Provided data
Segment Open

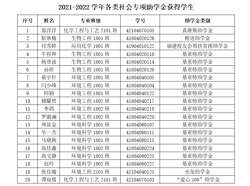 根据《关于开展2021-2022学年各类社会专项助学金评审工作的通知》相关要求,本着公平、公正、公开的原则,经学生申请,年级推荐等程序,经学院资助工作领导小组会议研究决定,拟推荐郭洋洋等20位同学为2021-2022学年各类社会专项助学金获得学生。具体名单见附件,公示时间3天(2021年11月8日-2021年11月10日)。
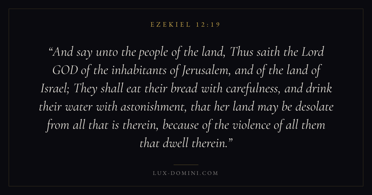 And say unto the people of the land, Thus saith the Lord GOD of the inhabitants of Jerusalem, and of the land of Israel; They shall eat their bread with carefulness, and drink their water with astonishment, that her land may be desolate from all that is therein, because of the violence of all them that dwell therein.
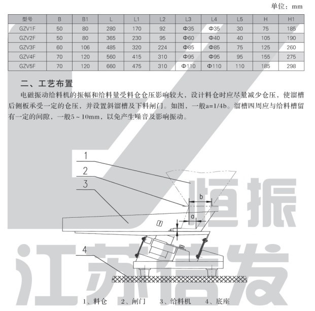 電磁振動給料機的振幅和給料量受料倉倉壓影響較大,設(shè)計料倉時應(yīng)盡量減少倉壓,使溜咀后側(cè)板承受一定的倉壓,并設(shè)置斜溜沮及下料閘門。如圖,一般a=1/4b。溜咀四周應(yīng)與給料槽留有一定的間隙,一般5~10mm,以免產(chǎn)生噪音及影響振動。
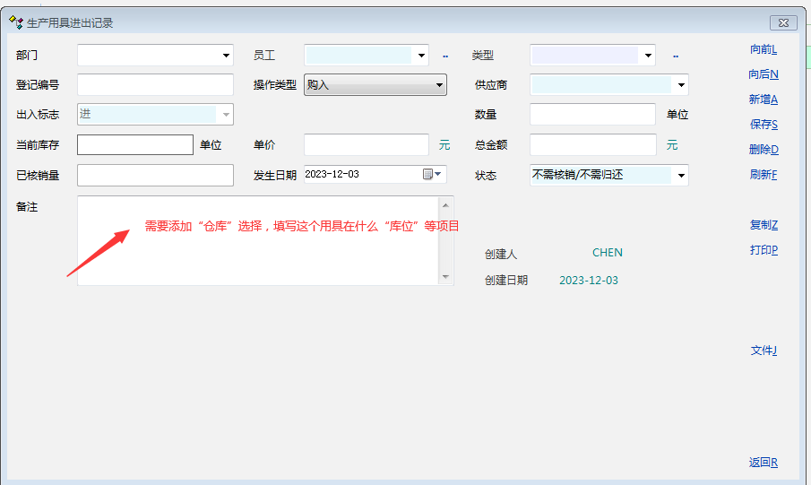 好的,存放位置在用具定义界面里输入,下次发布版本会在进出界面上加以显示。

Segment Closed

About this exercise
Keep the pictures out of the copy and write out the data exactly as it stands.

Reply
 根据《关于开展2021-2022学年各类社会专项助学金评审工作的通知》相关要求,本着公平、公正、公开的原则,经学生申请,年级推荐等程序,经学院资助工作领导小组会议研究决定,拟推荐郭洋洋等20位同学为2021-2022学年各类社会专项助学金获得学生。具体名单见附件,公示时间3天(2021年11月8日-2021年11月10日)。
 And say unto the people of the land, Thus saith the Lord GOD of the inhabitants of Jerusalem, and of the land of Israel; They shall eat their bread with carefulness, and drink their water with astonishment, that her land may be desolate from all that is therein, because of the violence of all them that dwell therein.
 電磁振動給料機的振幅和給料量受料倉倉壓影響較大,設(shè)計料倉時應(yīng)盡量減少倉壓,使溜咀后側(cè)板承受一定的倉壓,并設(shè)置斜溜沮及下料閘門。如圖,一般a=1/4b。溜咀四周應(yīng)與給料槽留有一定的間隙,一般5~10mm,以免產(chǎn)生噪音及影響振動。
 好的,存放位置在用具定义界面里输入,下次发布版本会在进出界面上加以显示。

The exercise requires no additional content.